▶ [WHAT TO WORK ON]: Would you print the listing that follows exactly, but without its pictures?

▶ [DATA FOR PROCESSING]:
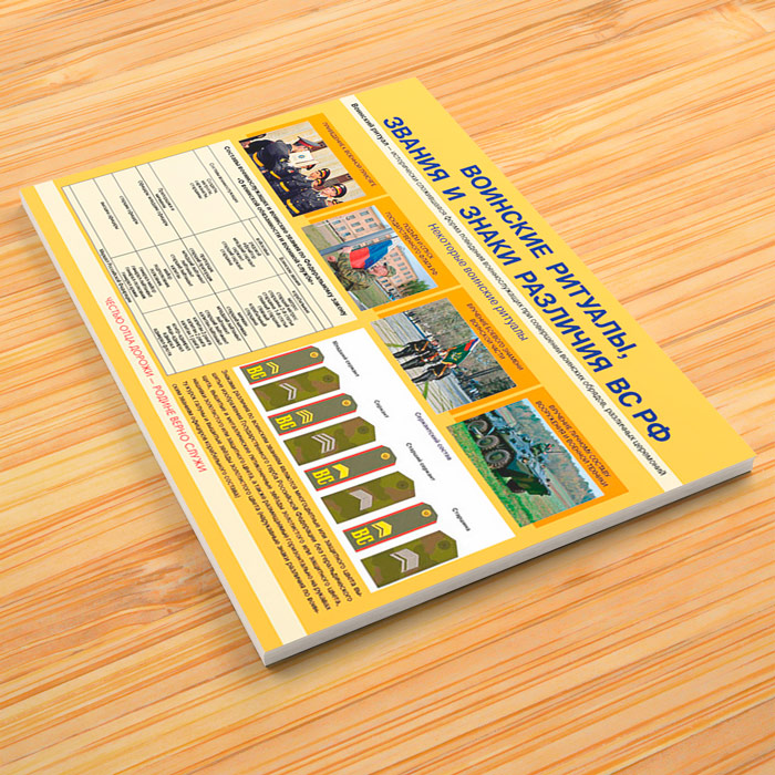 - Плакат «Воинские ритуалы, звания и знаки различия ВС РФ» – исторически сложившаяся форма поведения военнослужащих при совершении воинских обрядов и различных церемоний
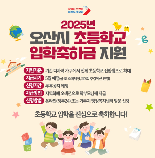 오산시, 2025년 초등학교 신입생 입학축하금 지원 소식!
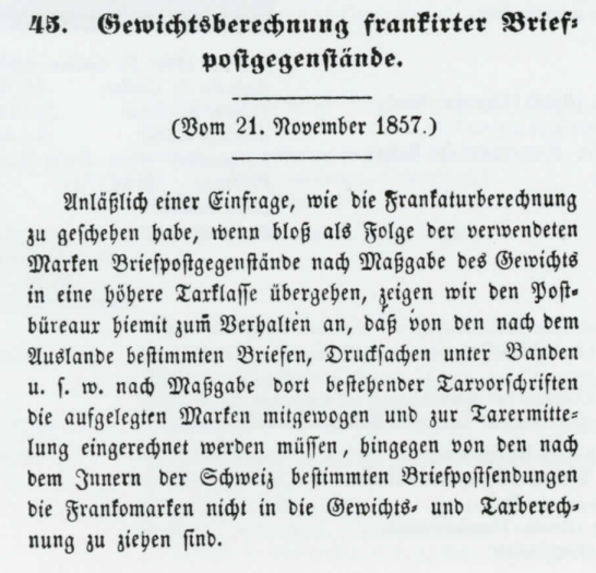 Da beim Publikum Unklarheit bestand, wie das Gewicht bei Briefen knapp um die Gewichtsgrenze zu berechnen sei, veröffentlichte die Schweizer Post im Amtsblatt vom 21. November 1857 die nachfolgende Bestimmung. Kaum bekannt sein dürfte, dass unterschiedlich verfahren wurde bei Briefen nach der Schweiz und nach dem Ausland.
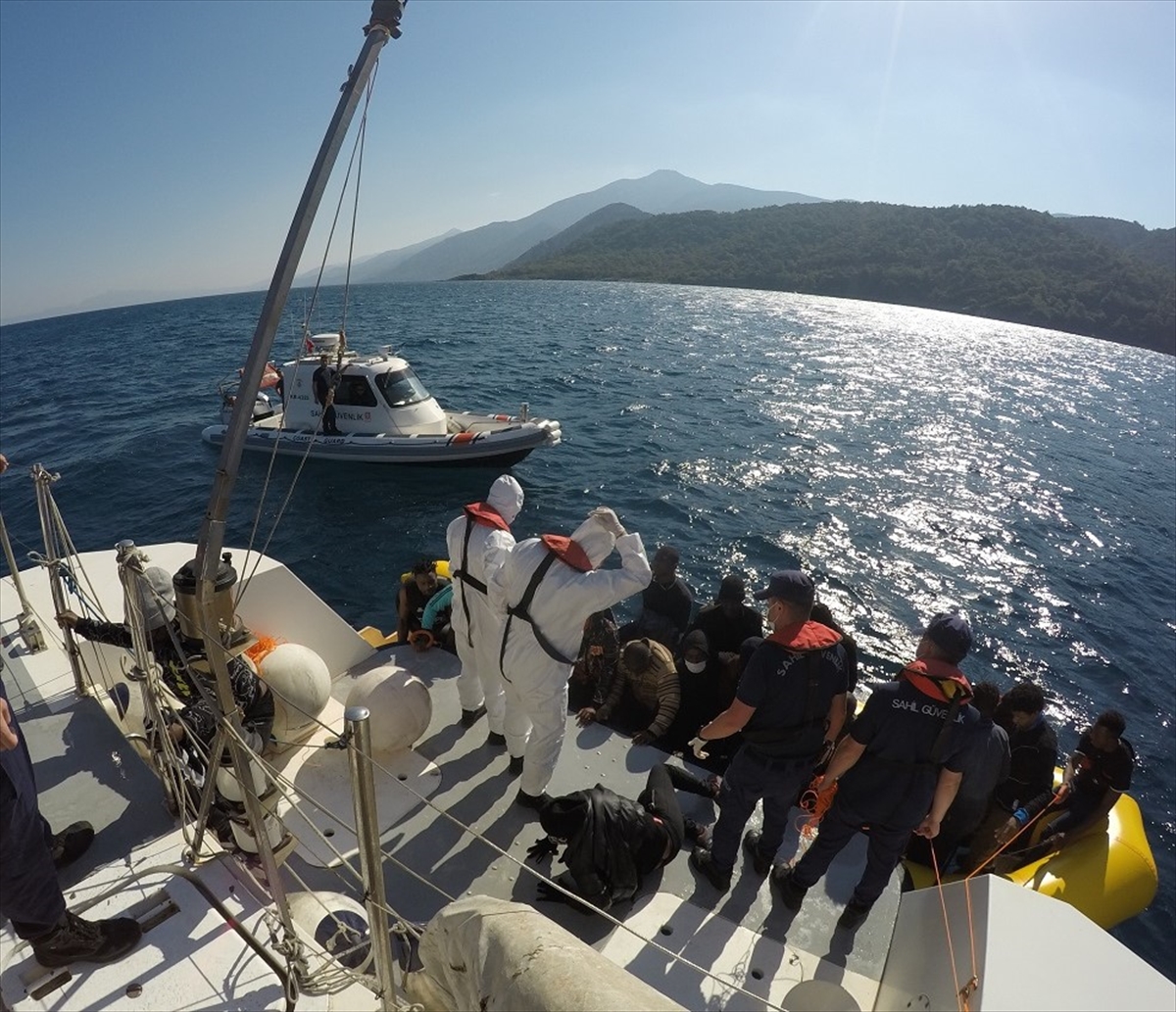 AYDIN (AA) – Aydın'ın Kuşadası ilçesi açıklarında Yunanistan unsurlarınca geri itilen 53 düzensiz göçmen kurtarıldı, yasa dışı geçiş yapmaya çalışan 48 düzensiz göçmen yakalandı.
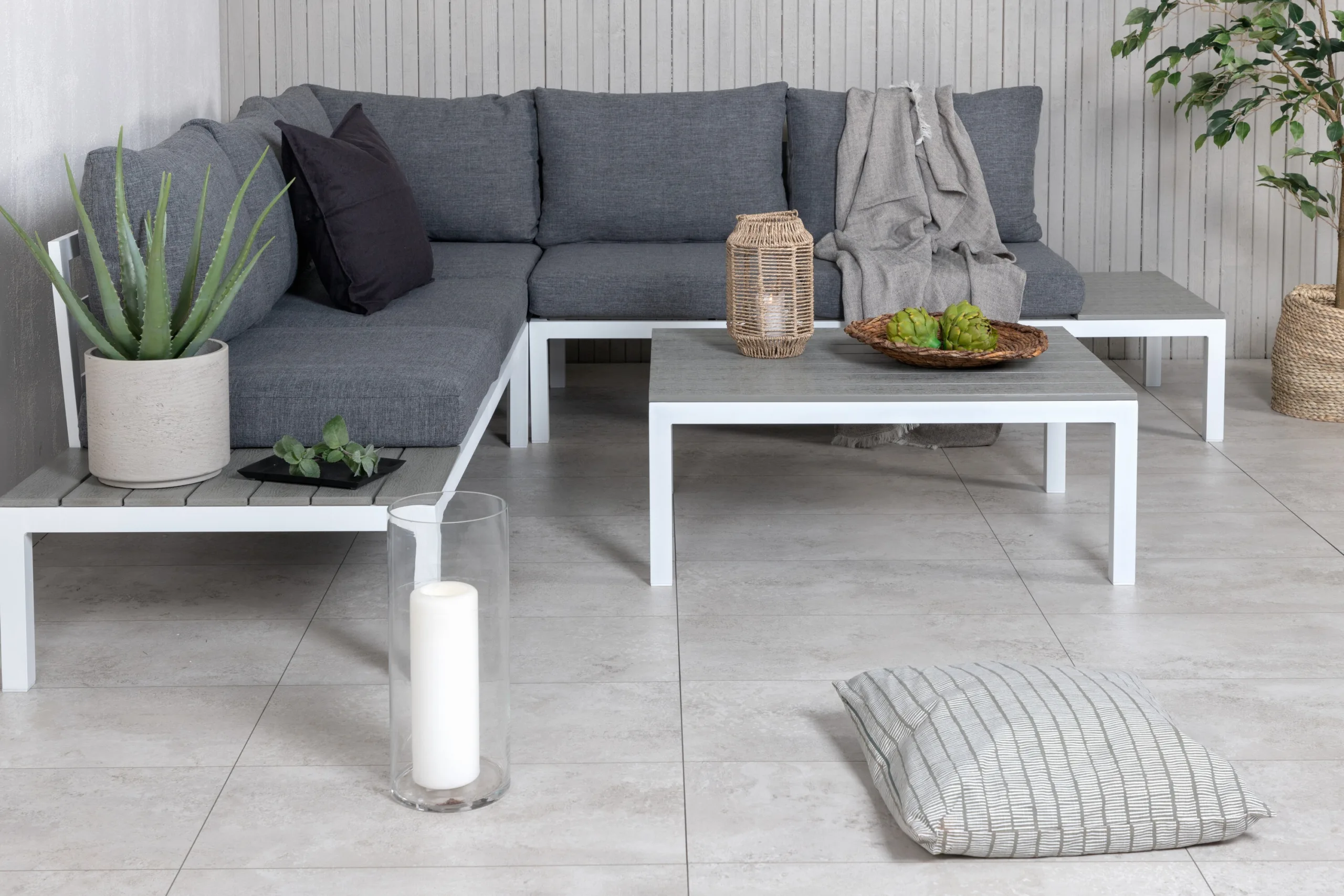 Odense alumiiniumist nurgadiivani komplekt ühendab endas modernse disaini ja praktilisuse, pakkudes suurepärast lahendust terrassile või aianurka. Selle tugev ja ilmastikukindel valge alumiiniumraam tagab pikaajalise vastupidavuse, samas kui hallid polüpuidust detailid lisavad elegantsi ja soojust.
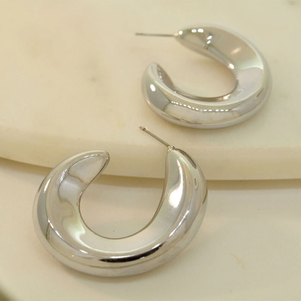 Inspirado em formas naturais e arredondadas, o brinco apresenta um formato de argola aberta com volume e curvas suaves. Seu acabamento liso e polido proporciona um visual moderno e sofisticado, perfeito para compor looks com personalidade.

▶ [SOLUTION TO THIS TASK]:
 - Плакат «Воинские ритуалы, звания и знаки различия ВС РФ» – исторически сложившаяся форма поведения военнослужащих при совершении воинских обрядов и различных церемоний
 오산시, 2025년 초등학교 신입생 입학축하금 지원 소식!
 Da beim Publikum Unklarheit bestand, wie das Gewicht bei Briefen knapp um die Gewichtsgrenze zu berechnen sei, veröffentlichte die Schweizer Post im Amtsblatt vom 21. November 1857 die nachfolgende Bestimmung. Kaum bekannt sein dürfte, dass unterschiedlich verfahren wurde bei Briefen nach der Schweiz und nach dem Ausland.
 AYDIN (AA) – Aydın'ın Kuşadası ilçesi açıklarında Yunanistan unsurlarınca geri itilen 53 düzensiz göçmen kurtarıldı, yasa dışı geçiş yapmaya çalışan 48 düzensiz göçmen yakalandı.
 Odense alumiiniumist nurgadiivani komplekt ühendab endas modernse disaini ja praktilisuse, pakkudes suurepärast lahendust terrassile või aianurka. Selle tugev ja ilmastikukindel valge alumiiniumraam tagab pikaajalise vastupidavuse, samas kui hallid polüpuidust detailid lisavad elegantsi ja soojust.
 Inspirado em formas naturais e arredondadas, o brinco apresenta um formato de argola aberta com volume e curvas suaves. Seu acabamento liso e polido proporciona um visual moderno e sofisticado, perfeito para compor looks com personalidade.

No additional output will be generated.